Ethiopian police detained 40 opposition supporters distributing leaflets calling for the repeal of an anti-terrorism law they say has been used to stifle dissent, the Unity for Democracy and Justice party said.
The arrests in four districts of the capital, Addis Ababa, occurred yesterday as UDJ members distributed pamphlets asking people to sign a petition that also demands the release of jailed opposition members, religious leaders and journalists, the party said in an e-mailed statement.
“It is harassment,” UDJ Chairman Negasso Gidada said in a phone interview today from the capital. “There is no law that says you need permission to distribute leaflets.”
The mobile phones of government spokesman, Shimeles Kemal, and Bereket Simon, spokesman in the prime minister’s office, were switched off when called for comment. The opposition campaigners were released on bail late yesterday and the group plans to continue gathering signatories for the petition, Negasso said.
Opposition politicians and reporters have been arrested under an anti-terror law passed by Ethiopia in 2009. The U.S. and United Nations have criticized the legislation for curbing freedom of expression after the arrest of several journalists.

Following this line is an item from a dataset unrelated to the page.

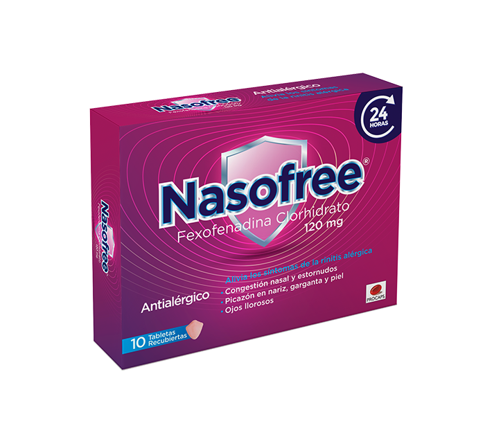 Alivio efectivo para la rinitis alérgica. Nasofree es un antihistamínico de segunda generación diseñado para actuar de forma específica y reducir síntomas como estornudos, congestión nasal, ojos llorosos y picazón en nariz, garganta y piel. Su fórmula avanzada minimiza efectos secundarios como la somnolencia, brindándote alivio sin afectar tu rutina diaria.

Online writer Eskinder Nega and Woubshet Taye, former deputy editor of the defunct Awramba Times, were convicted last year under the law for crimes including trying to incite anti-government protests and having links to terrorist organizations.
Ethiopia’s 547-member parliament has one opposition-party member.
UDJ held demonstrations on July 14 in two cities to protest the lack of democratic rights under the current government and it is planning to hold more events through September, including in Addis Ababa, Negasso said.
Its “Millions of Voices for Freedom” campaign follows a public protest in the capital last month by the opposition Blue Party that was the largest demonstration by a political party since 2005 when opposition supporters protested election results.